ABSTRACT

Education, as Paulo Freire has pointed out, is never a neutral process. Either it facilitates “the integration of the younger generation into the logic of the present system,” thereby encouraging students to internalize its values, or it becomes a “practice of freedom” and a means of enabling them to participate in the transformation of that system (1968, 15; see also Davis 1990). For the last two decades, feminist teachers committed to creating a feminist education that would also be a “practice of freedom” for students, especially for women, have attempted to promote more egalitarian classrooms responsive not only to differences of gender but also to those of class, race, sexual preference, ethnicity, and age. Crucial to this goal of developing new pedagogies that are participatory, experiential, and nonhierarchical—a goal shared with those practicing “liberatory,” “oppositional,” or “radical” pedagogies—have been concepts like “empowerment,” “student voice,” “dialogue,” and “critical thinking.” Under these various labels, however, efforts by both feminist and radical teachers to promote nonauthoritarian classroom environments have often ended up mystifying the very forms of authority they sought to exorcise, authority that is both institutionally and psychically embedded in the social relations of education.

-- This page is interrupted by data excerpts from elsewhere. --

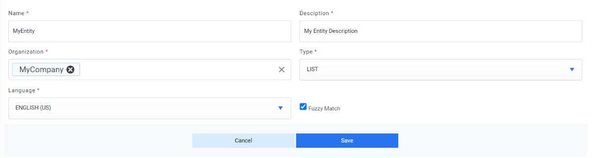 - On the Entity Creation page, type the entity name in the Name field, and then describe the entity in the Description field.
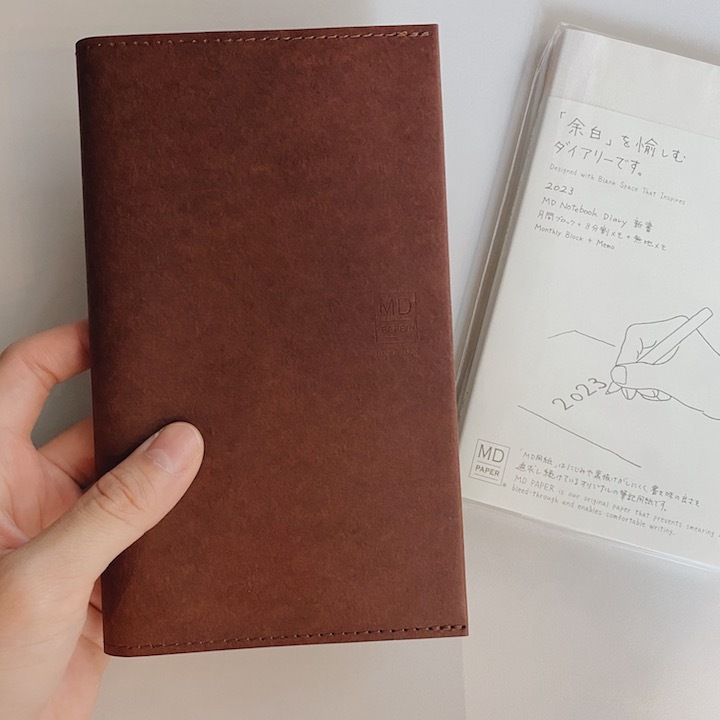 仿皮革質感的紙製書衣,具耐水性,較一般紙質強度高,長期使用也不易破損。
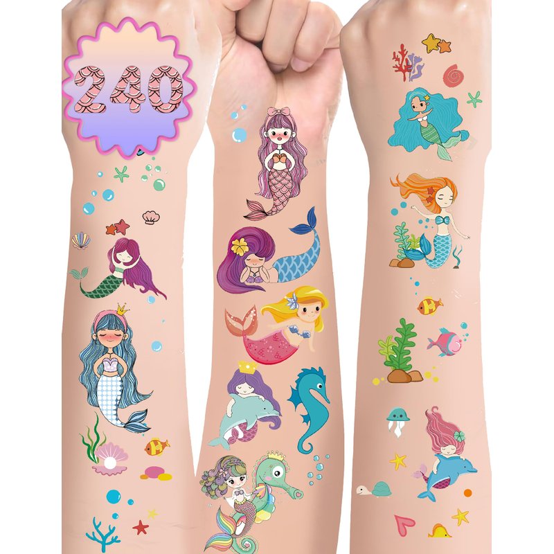 240 Pieces Mermaid Temporary Tattoos Themed Birthday Party Favors Supplies Decorations, Mermaidl Tattoo Stickers Gifts For Game Prizes Reward
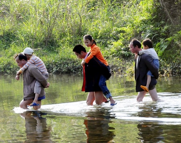 在海南省琼中黎族苗族自治县湾岭镇的黎母山下,一条大河蜿蜒流淌,几十年来,两位山村教师用自己的脊背为孩子撑起了一座求学之桥。图为教师王升超(左一)和家长背着学生过河,将学生送回家。 (新华社发)

This has happened because the social relations inherent in education cannot so easily be reduced to a simple dichotomy between conformity and resistance. Indeed, that dialectic continually founders on the rocks of such anxiety-producing paradoxes as the feminist teacher who attempts to subvert the institution of education while participating in its unequal system of rewards and punishments, or the feminist student who tries to bring down the patriarchal system while maintaining a GPA high enough to get into graduate school, or even the nonfeminist student negotiating a graduation requirement. The social relations of education can be comprehended only within a complex network of intersecting oppositions that include not only conformity and resistance but also identification and rebellion, love and power; they must account not only for the vertical relations between teacher and student but also for the horizontal relationships among students.